Why We Built clgraph

The Insight

A lot of SQL-related tasks—impact analysis, root cause debugging, PII compliance, DAG construction, documentation, AI context engineering—are really just traversing the column lineage graph.

The problem? Extracting the column lineage graph is hard.

The Column Lineage Problem Space

Column-level lineage is notoriously difficult to implement correctly. The problem space includes:

SQL's complexity: Multiple dialects, non-trivial features (CTEs, window functions, UDFs), and constant evolution
Fine-grained tracking: Beyond table-level, you need expression trees, aggregations, and join lineage
Multi-system pipelines: Data flows through warehouses, ETL tools, orchestration, and BI layers
Data-dependent logic: Some lineage can only be determined at runtime
Scale challenges: Thousands of tables, millions of queries, complex visualization needs
Social complexity: Different teams need lineage for different purposes (debugging, governance, business understanding)

These challenges have led to a fragmented landscape where:

Enterprise tools are expensive, complex, and require deep integration with data platforms
Most open-source tools either focus on table-level lineage or are limited to column lineage within a single query, making it impossible to trace data through multi-step pipelines
Many teams resort to manual documentation that quickly becomes stale

The Practical Pain

In practice, extracting column lineage today means stitching together information from multiple sources:

Code repositories — Parse SQL files to understand transformations
Database catalogs — Query table schemas to resolve column references
Execution logs — Track what actually ran and when
Custom glue code — Write scripts to connect all these pieces

This is why most teams give up on column lineage entirely, or pay enterprise vendors to solve it for them.

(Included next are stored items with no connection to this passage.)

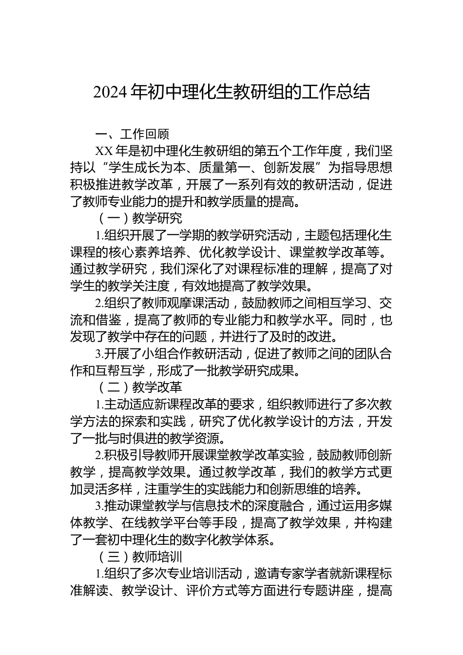 2024年初中理化生教研組的工作總結(jié)一、工作回顧XX年是初中理化生教研組的第五個(gè)工作年度,我們堅(jiān)持以“學(xué)生成長(zhǎng)為本、質(zhì)量第一、創(chuàng)新發(fā)展”為指導(dǎo)思想積極推進(jìn)教學(xué)改革,開展了一系列有效的教研活動(dòng),促進(jìn)了教師專業(yè)能力的提升和教學(xué)質(zhì)量的提高。(一)教學(xué)研究1.組織開展了一學(xué)期的教學(xué)研究活動(dòng),主題包括理化生課程的核心素養(yǎng)培養(yǎng)、優(yōu)化教學(xué)設(shè)計(jì)、課堂教學(xué)改革等。通過教學(xué)研究,我們深化了對(duì)課程標(biāo)準(zhǔn)的理解,提高了對(duì)學(xué)生的教學(xué)關(guān)注度,有效地提高了教學(xué)效果。2.組織了教師觀摩課活動(dòng),鼓勵(lì)教師之間相互學(xué)習(xí)、交流和借鑒,提高了教師的專業(yè)能力和教學(xué)水平。同時(shí),也發(fā)...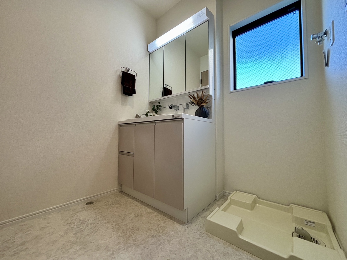 ・白を基調とした清潔感のある洗面台で、毎朝の支度が気持ちよく始められます。 -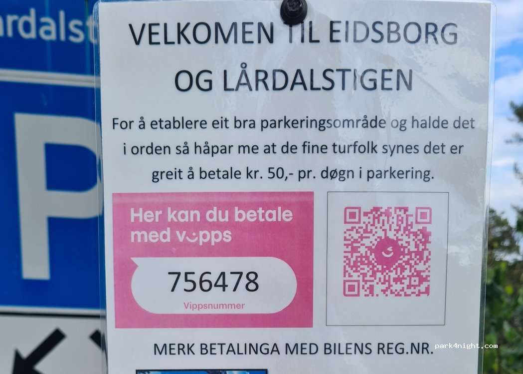 Parking lot of the Lårdalstigen (beautiful hike!) Hike from Dalen to Lårdal (14km one way). You can take the boat back to Dalen & walk up the road again. Peaceful place in the weekend. On Monday morning we woke up because people were working on something at the parking lot. Not sure how long that will take.

The Core Insight: Why We Built This

The problem with traditional lineage tools: They try to reverse-engineer lineage from query logs, execution metadata, or runtime introspection. This requires expensive platform integration, database access, and complex infrastructure.

Our insight: When SQL is written with explicit column names and clear transformations, static analysis can provide perfect column lineage—without database access, without runtime integration, and without query logs.

The Two Ingredients

1. Lineage-Friendly SQL

SQL where column lineage is obvious from reading the code itself:

-- Ambiguous SQL (requires database to understand)
SELECT id, COUNT(*), total + 10
FROM users u
JOIN orders o ON u.id = o.user_id
GROUP BY id

-- Lineage-friendly SQL (obvious from code)
SELECT
    u.id as user_id,
    COUNT(*) as order_count,
    o.total + 10 as adjusted_total
FROM users u
JOIN orders o ON u.id = o.user_id
GROUP BY u.id

Key principle: Every expression has an explicit name. Every column's source is clear. No guessing required.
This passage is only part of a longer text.